— Your task —
Look below for the line with "Если Вы хотите"; begin the copy there and stop after the line with "Two samples were", keeping the text exact and the pictures out.

(Task material begins)

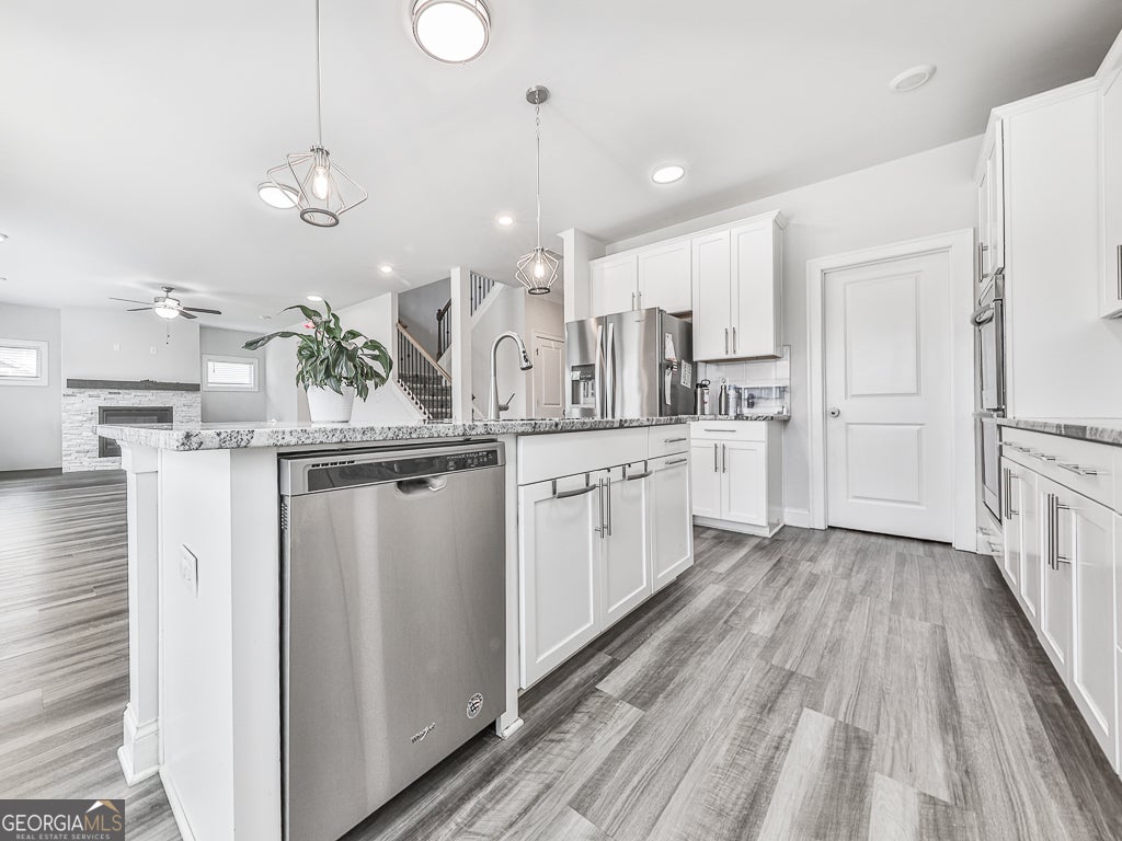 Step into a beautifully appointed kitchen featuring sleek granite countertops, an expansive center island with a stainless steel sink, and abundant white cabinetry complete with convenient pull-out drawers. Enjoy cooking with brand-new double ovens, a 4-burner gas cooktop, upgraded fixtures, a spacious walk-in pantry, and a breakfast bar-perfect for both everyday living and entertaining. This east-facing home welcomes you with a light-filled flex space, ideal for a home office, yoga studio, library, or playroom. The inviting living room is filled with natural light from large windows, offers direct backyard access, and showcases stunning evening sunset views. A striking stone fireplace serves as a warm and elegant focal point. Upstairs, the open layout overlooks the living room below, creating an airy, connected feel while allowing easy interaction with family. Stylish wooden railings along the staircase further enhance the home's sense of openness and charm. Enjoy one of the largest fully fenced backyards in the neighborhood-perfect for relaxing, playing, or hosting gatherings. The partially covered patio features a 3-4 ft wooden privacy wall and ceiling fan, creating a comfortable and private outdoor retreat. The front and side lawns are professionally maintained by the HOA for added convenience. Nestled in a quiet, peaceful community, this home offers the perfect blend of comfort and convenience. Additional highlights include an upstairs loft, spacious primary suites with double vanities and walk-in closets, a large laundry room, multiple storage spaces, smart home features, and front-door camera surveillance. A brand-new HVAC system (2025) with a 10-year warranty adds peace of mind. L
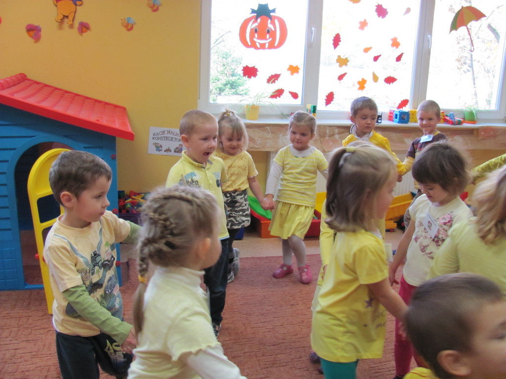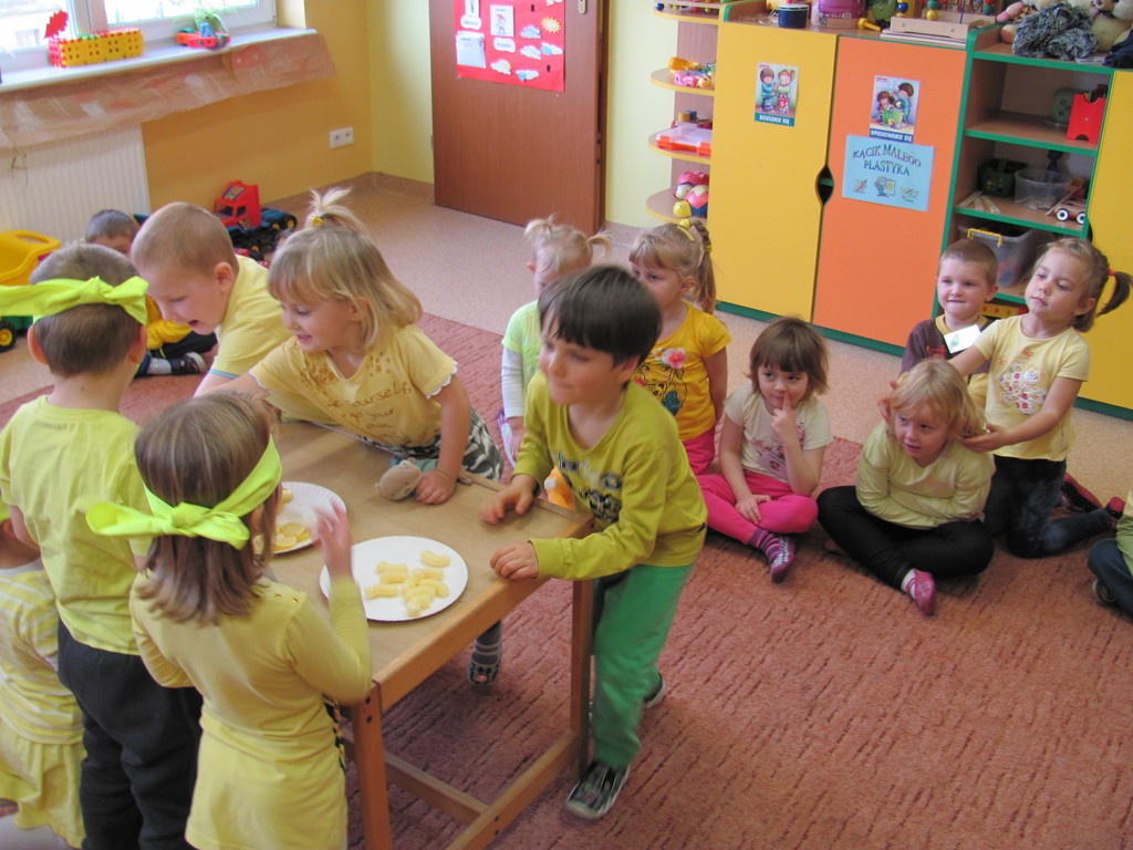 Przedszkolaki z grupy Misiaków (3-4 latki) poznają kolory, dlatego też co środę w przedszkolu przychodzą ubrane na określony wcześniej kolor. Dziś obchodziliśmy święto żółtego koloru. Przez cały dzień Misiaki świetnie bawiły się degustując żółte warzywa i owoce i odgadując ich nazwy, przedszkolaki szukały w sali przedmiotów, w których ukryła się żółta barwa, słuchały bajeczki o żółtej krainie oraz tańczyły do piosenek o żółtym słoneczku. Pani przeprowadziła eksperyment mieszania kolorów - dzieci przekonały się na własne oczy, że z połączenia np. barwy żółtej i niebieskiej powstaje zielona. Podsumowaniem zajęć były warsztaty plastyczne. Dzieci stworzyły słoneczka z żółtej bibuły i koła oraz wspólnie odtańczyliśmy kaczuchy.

(Task material ends)
(Task material begins)

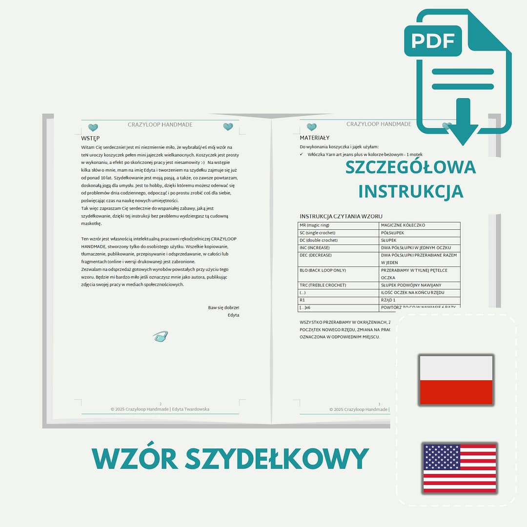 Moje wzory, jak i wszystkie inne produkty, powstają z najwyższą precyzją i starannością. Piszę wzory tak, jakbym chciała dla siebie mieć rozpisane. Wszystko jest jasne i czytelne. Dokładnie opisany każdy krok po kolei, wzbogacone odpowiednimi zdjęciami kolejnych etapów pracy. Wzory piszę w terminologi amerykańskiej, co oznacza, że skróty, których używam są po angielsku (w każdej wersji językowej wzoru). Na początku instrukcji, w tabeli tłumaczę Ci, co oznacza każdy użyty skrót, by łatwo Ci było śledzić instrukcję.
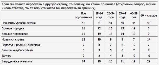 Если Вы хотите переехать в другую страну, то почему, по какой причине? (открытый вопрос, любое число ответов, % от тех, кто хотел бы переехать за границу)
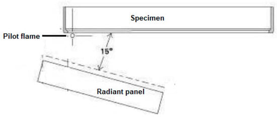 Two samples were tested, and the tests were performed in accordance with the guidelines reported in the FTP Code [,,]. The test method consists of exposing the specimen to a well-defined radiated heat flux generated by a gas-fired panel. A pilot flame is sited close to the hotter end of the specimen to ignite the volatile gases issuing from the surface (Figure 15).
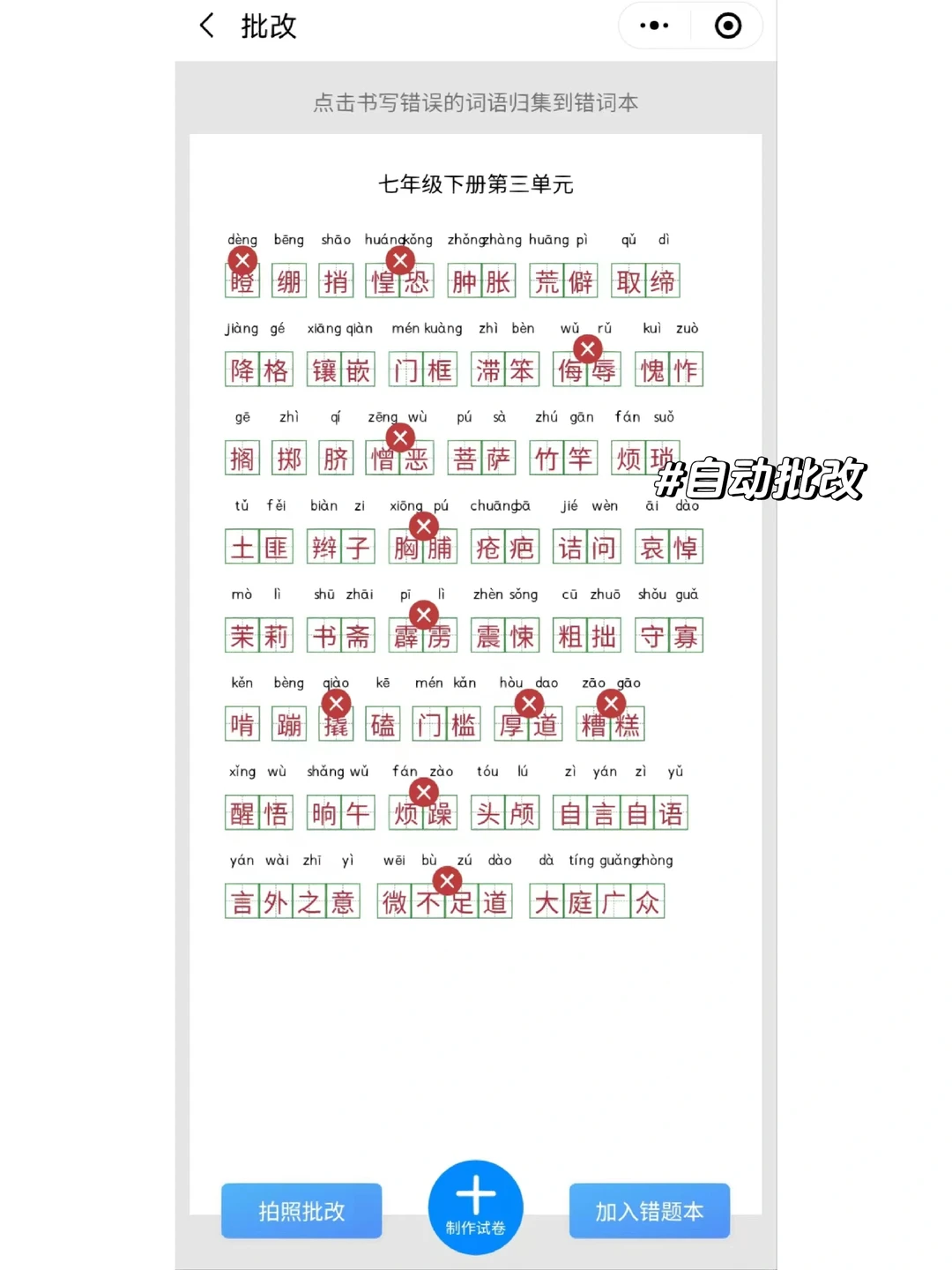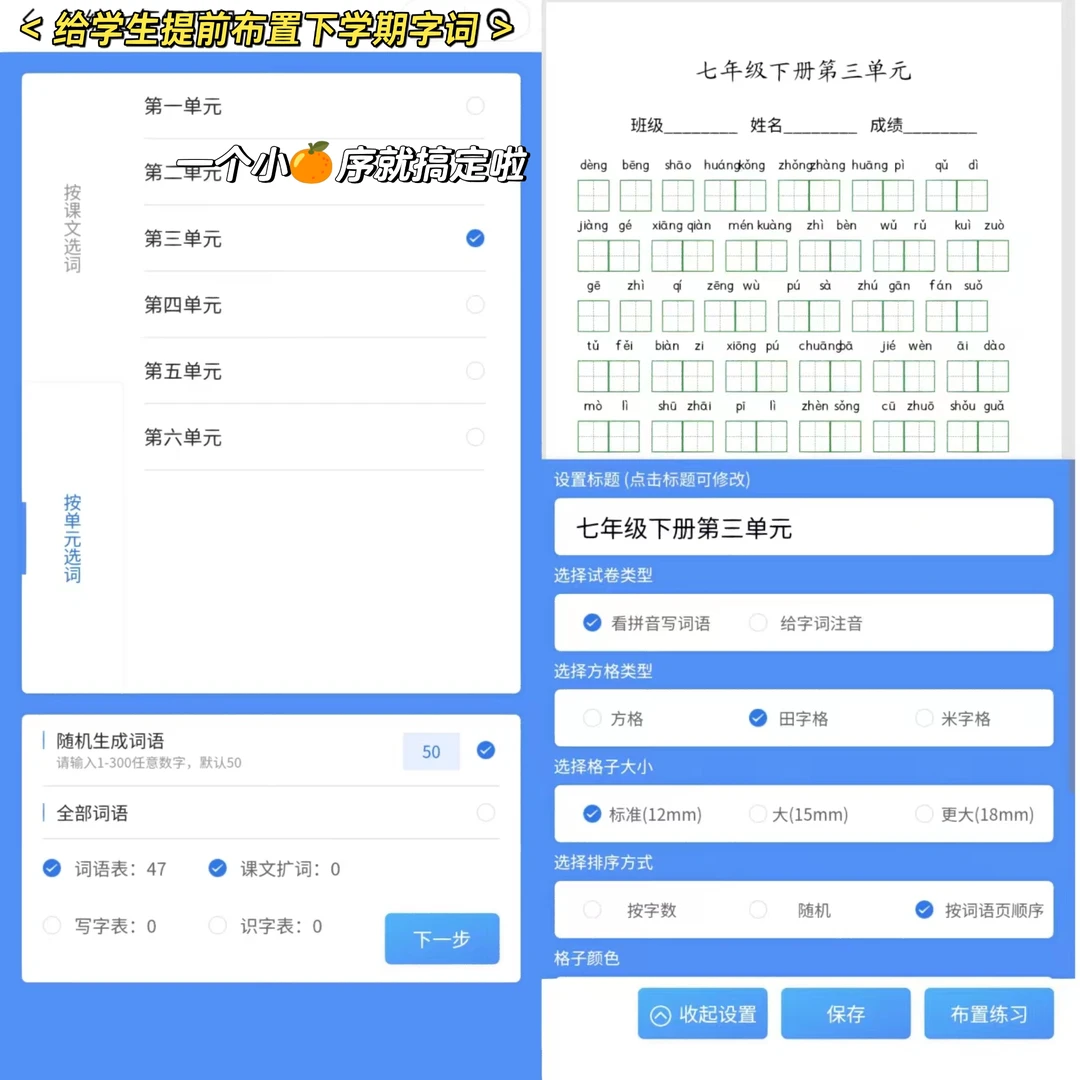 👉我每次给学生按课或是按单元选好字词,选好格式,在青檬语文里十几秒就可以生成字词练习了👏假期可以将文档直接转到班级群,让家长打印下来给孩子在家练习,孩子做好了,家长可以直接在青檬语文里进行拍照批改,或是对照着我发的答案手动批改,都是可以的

(Task material ends)
(Task material begins)

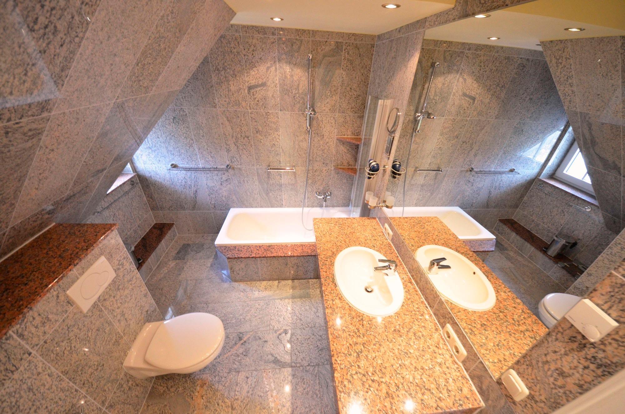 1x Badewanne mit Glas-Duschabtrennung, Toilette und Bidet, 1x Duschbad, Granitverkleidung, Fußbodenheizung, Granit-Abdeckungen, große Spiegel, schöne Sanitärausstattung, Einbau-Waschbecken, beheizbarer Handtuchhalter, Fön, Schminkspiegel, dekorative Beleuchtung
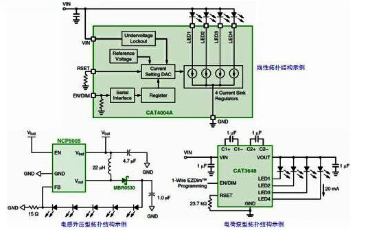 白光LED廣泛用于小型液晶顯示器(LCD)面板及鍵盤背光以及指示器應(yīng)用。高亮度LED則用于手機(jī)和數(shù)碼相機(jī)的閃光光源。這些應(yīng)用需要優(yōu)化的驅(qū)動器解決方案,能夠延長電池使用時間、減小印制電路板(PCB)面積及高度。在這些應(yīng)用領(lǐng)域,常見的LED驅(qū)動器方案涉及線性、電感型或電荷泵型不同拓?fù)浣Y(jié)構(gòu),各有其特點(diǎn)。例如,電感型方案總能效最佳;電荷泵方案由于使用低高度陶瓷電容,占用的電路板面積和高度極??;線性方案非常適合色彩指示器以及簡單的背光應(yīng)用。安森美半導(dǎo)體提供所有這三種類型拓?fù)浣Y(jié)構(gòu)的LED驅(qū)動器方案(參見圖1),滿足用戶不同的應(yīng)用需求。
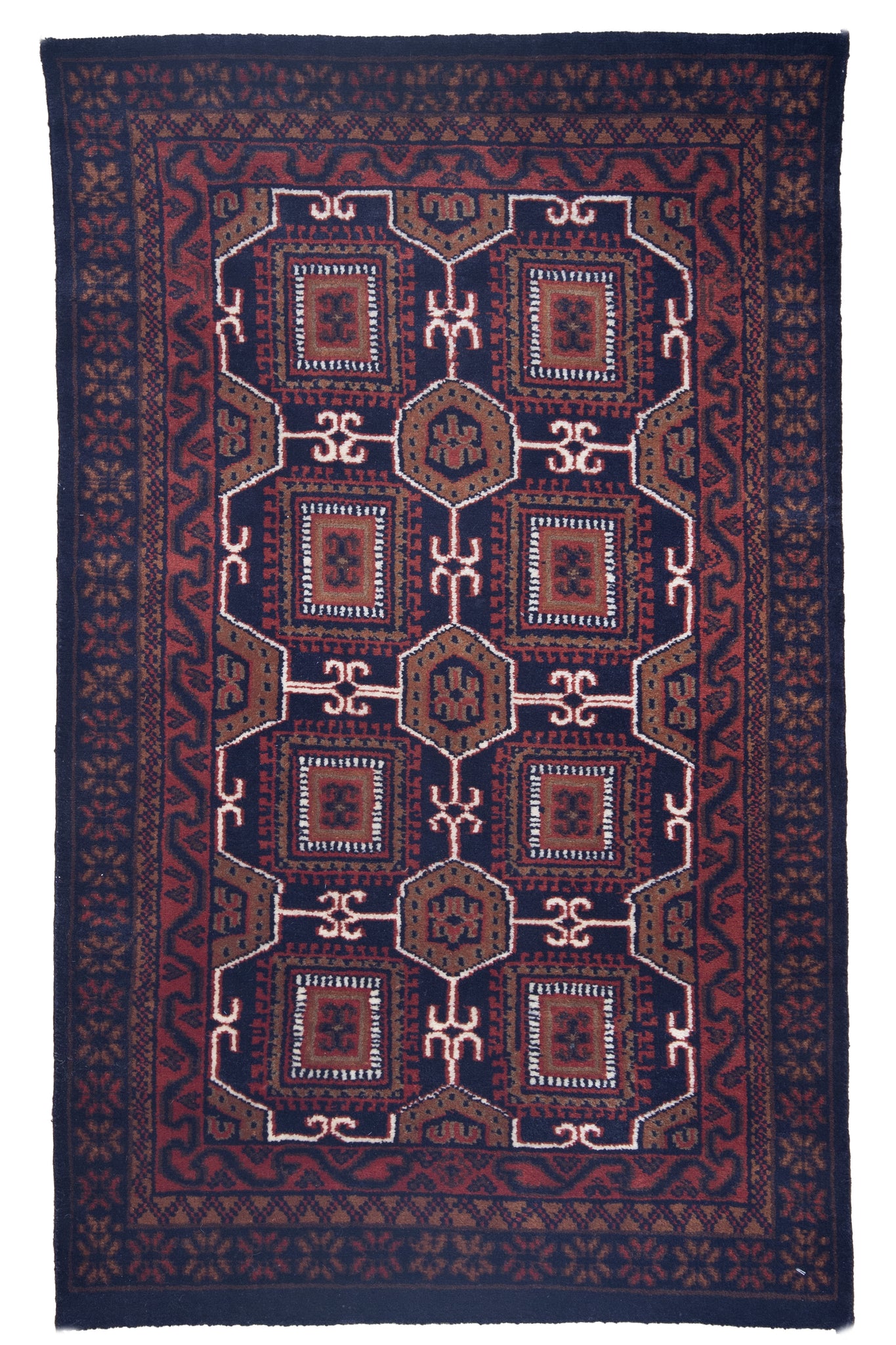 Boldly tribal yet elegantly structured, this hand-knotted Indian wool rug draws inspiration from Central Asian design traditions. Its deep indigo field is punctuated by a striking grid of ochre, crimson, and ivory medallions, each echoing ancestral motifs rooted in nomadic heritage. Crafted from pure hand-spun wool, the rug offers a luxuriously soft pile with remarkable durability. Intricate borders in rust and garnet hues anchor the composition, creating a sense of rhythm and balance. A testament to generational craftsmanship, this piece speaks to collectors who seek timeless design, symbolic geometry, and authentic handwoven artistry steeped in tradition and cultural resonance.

(Task material ends)

— Solution —
 Если Вы хотите переехать в другую страну, то почему, по какой причине? (открытый вопрос, любое число ответов, % от тех, кто хотел бы переехать за границу)
 Two samples were tested, and the tests were performed in accordance with the guidelines reported in the FTP Code [,,]. The test method consists of exposing the specimen to a well-defined radiated heat flux generated by a gas-fired panel. A pilot flame is sited close to the hotter end of the specimen to ignite the volatile gases issuing from the surface (Figure 15).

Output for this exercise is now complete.